Despite these hurdles, the long-term trajectory points toward end-to-end systems becoming the dominant technology. Achieving this will likely require entirely new paradigms to address data scarcity and quality limitations. Or approaches that are not specifically designed for speech translation…
Rise of Generalist Models in Speech Translation
While specialist models for end-to-end or cascading systems remain the focus of research and commercial development, generalist models are paving a new path for speech translation. Generalist models, such as ChatGPT, are not specifically designed for speech translation but demonstrate excellent capabilities in conversational speech-to-speech translation. This trend underscores the broader evolution of AI toward versatile, all-encompassing systems that are accessible and widely applicable. And this might be the real future of speech translation: general systems outperforming systems designed for tackling speech translation. This will be a paradigm shift for the entire space. In my opinion a very plausible perspective.
Improvement of On-the-Edge Systems for Maximum Confidentiality
For speech recognition and speech translation cloud systems reign supreme today. However, the ability to deploy and run these systems on conventional computers, without data exchange, is steadily advancing. Significant efforts have been made by the community to reduce model sizes, enabling them to run on standard computers, even without specialized hardware. This trend is expected to continue, addressing critical concerns around data privacy and confidentiality.
While complex applications—such as a digital boothmate for professional interpreters or a speech translation system for immigration officials—may not yet be feasible to run on personal computers by 2025, this capability is on the horizon and approaching faster than we might expect.
New normal: Humans and Machines sharing the Stage of Multilingual Communication
Despite technological advancements, 2025 will not be the year that machine interpreting replaces human interpreters. As I wrote in multiple occasions, this dichotomy is premature and quite dull, at least for the short or middle term: even with AI on pair of humans, humans will not become obsolete in this space. AI speech applications are improving at light speed, but they are still not near to reach the performances of high-quality professionals. Therefore, machine interpreting will complement human expertise, expanding access to language services in contexts where human interpreters are unavailable, out of budget, or where performances are similar to average professionals. AI will be adopted by interpreters at large, both through generalist tools or through specialized CAI tools. If AI can support and enhance the daily work of people, it is an imperative to use it to the community benefits.

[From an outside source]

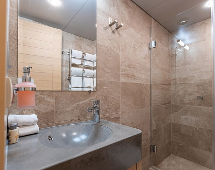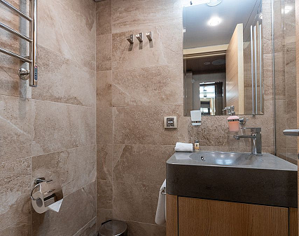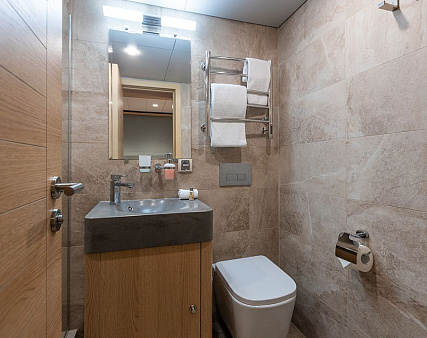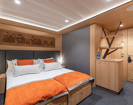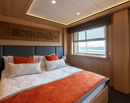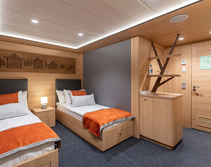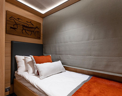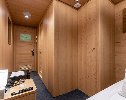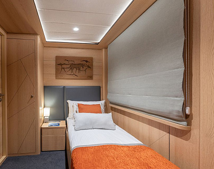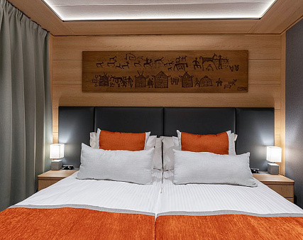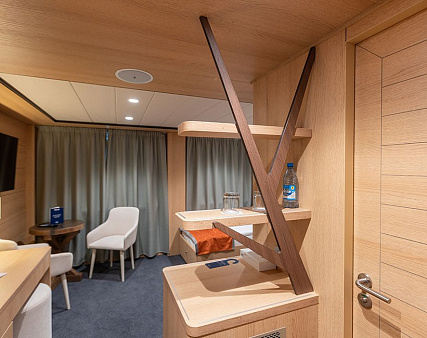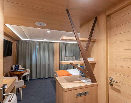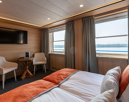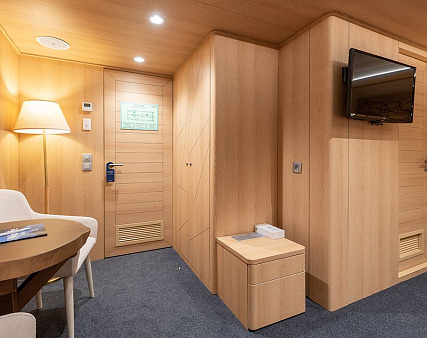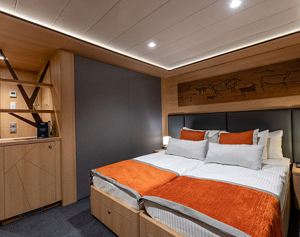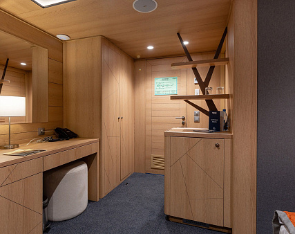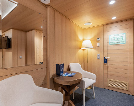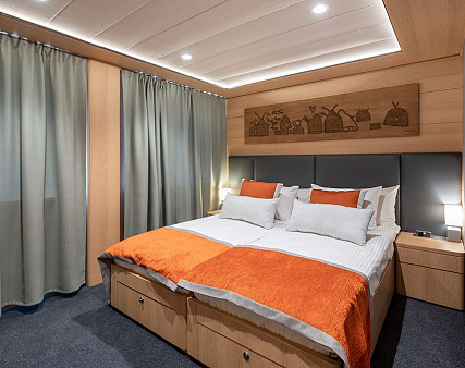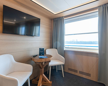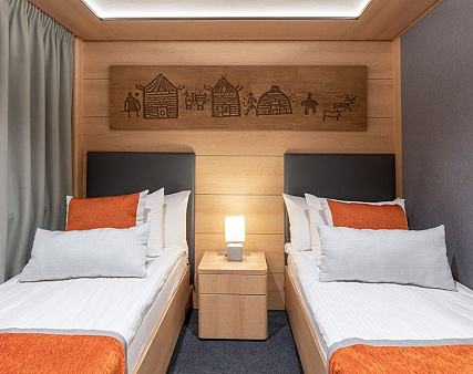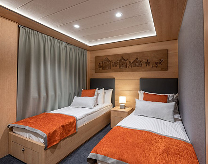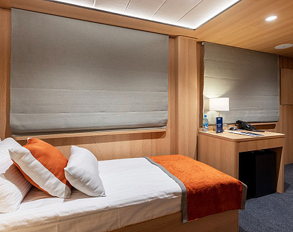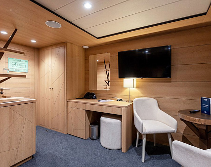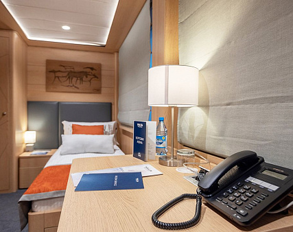 Enjoy your privacy in authentic Siberian-inspired atmosphere. Stateroom is equipped with private facilities, AC, wardrobe, 220V sockets, TV, radio, telephone, safe, hair dryer, minibar.

In summary, 2025 will bring exciting developments in machine interpreting, including the integration of LLMs and a stronger focus on real-world challenges. However, the full potential of these technologies will take years to materialize, and human interpreters will remain indispensable for high-quality communication in the foreseeable future.
With AI improving so rapidly, how do you think it will impact the skill sets required from human interpreters? Will there be a shift towards more technical expertise, or will the core interpreting skills remain at the forefront?
The skill sets will basically stay the same.
The rise of AI tools in interpretation is clear, but what challenges do you think lie ahead in blending machine efficiency with the human touch in complex, high-stakes settings like international summits? I’m curious about the future of collaboration between human interpreters and AI in these critical contexts.